Oh, lots of ways. I feel that for me and many of the other people in the Dementia Research Centre here at Queen Square, our clinical practice, the support groups and our research are really closely intertwined. I think it has opened up really important questions and there’s been very important observations. It's also led me to think about the research myself or others do and ask the really important question: “is that going to make a difference to people?” I do think that it makes you more translationally driven and motivated. 

I do think though that studying these families provides great opportunities for the more common forms of dementia too. The familial dementias, which have a strong genetic origin, allow great insights into the pre-symptomatic period, which would just not be feasible without these families. You'd have to study very large numbers of older people through to the onset of symptoms to understand what you're dealing with. I think that they may hold not only a real key to understanding why people become affected by these neurodegenerative disorders, but also an opportunity to see what might work therapeutically and to intervene early. I feel very motivated by the families. 

What would you say are some of the biggest challenges to developing potential treatments for rare dementias?

To start getting into the idea of developing treatments, we need to know the cause of the disease and, for some of the rare dementias, we don't. Also, being rare creates challenges for clinical trials in two ways. One, can you recruit enough people for trials? And two, will you gain enough interest from the pharmaceutical industry, who may be concentrating on more common diseases? 

Also, the outcome measures of trials are often designed for the typical dementia, so many people with an atypical Alzheimer's disease are assessed in therapeutic trials with the standard metrics that don’t work.
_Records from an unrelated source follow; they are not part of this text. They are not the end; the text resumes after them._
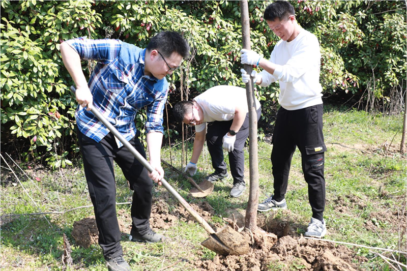 植一株綠色,溢一片春光。格林生態(tài)總部員工一大早就集合在苗圃,他們希望通過(guò)此次植樹(shù)活動(dòng)為苗圃增添“綠色新衣”。在專業(yè)人員的指導(dǎo)下,大家揮鍬鏟土、扶樹(shù)正苗、澆水培土,栽下一棵棵樹(shù)苗。三五人一組,分工合作、默契配合,男生挖坑、鏟土,女生扶苗,填埋,到處都是勤勞忙碌的身影。
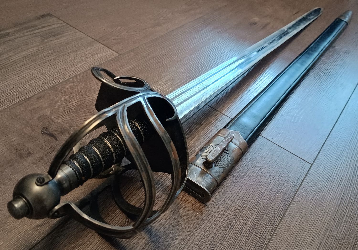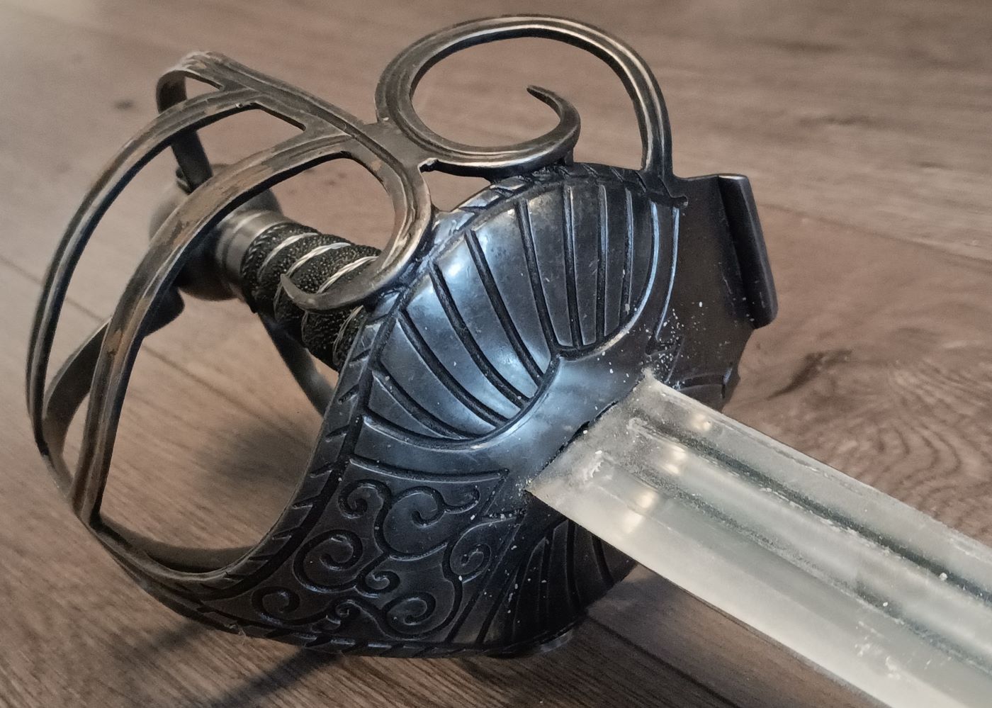 Es handelt sich um die Interpretation eines englischen Mortuary Sword mit Korbgriff aus dem 17. Jahrhundert.
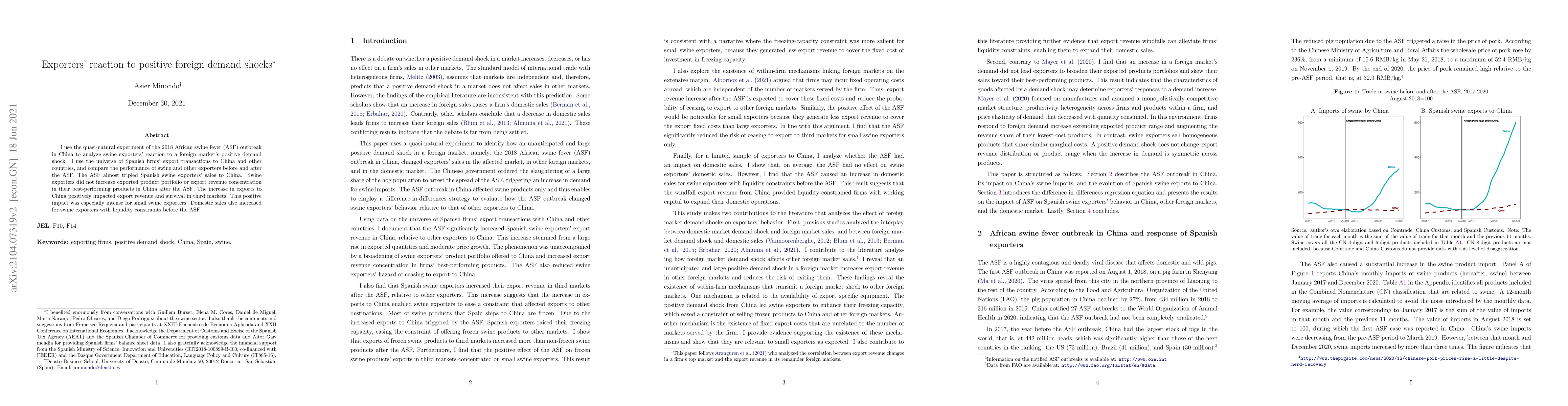 The study analyzes Spanish swine exporters' response to China's increased demand for pork due to the 2018 African swine fever. Utilizing export data before and after the ASF outbreak, it finds that export volumes tripled, boosting revenue and survival rates, especially for small exporters. Domestic sales also rose for liquidity-constrained exporters. No significant changes in product portfolio or concentration in best-performing products occurred.
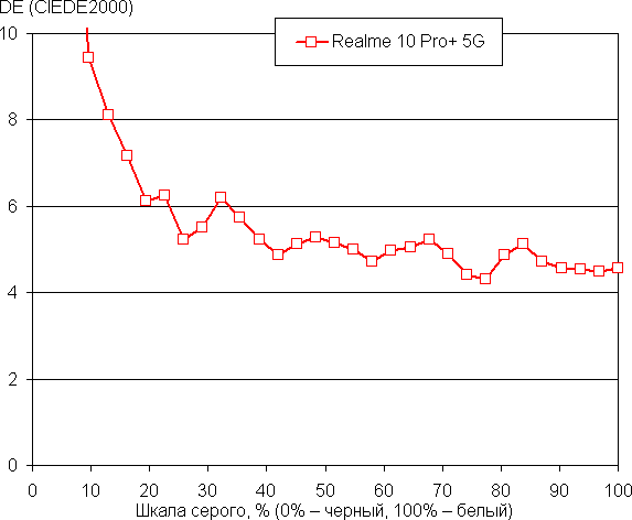 (Самые темные области шкалы серого в большинстве случаев можно не учитывать, так как там баланс цветов не имеет большого значения, да и погрешность измерений цветовых характеристик на низкой яркости высокая.)

Therefore, appropriate outcome measures are really important. Appropriately organized inclusion and exclusion criteria are also important to reduce the variability you see across these rare dementias and increase the statistical power of trials. You have to understand what you're dealing with. 

What is the next advancement in treatments for dementia that you're hoping to see? 

I think we are on the cusp of disease-modifying therapies. I'm also quite excited by therapies that can be genetically based, so we can target faulty genes or pathogenic mutations or their downstream products. I think that is a rapidly moving, and important, area. I’d really like to see some of the genetic dementias leading the way and then opening up therapies for the rest of dementia.


The National Brain Appeal Radio 4 Charity Appeal will be broadcast on 1 August 2021 at 7:54am and 9:25pm, and on 5 August 2021 at 3:27pm. The programme will be available after the broadcast.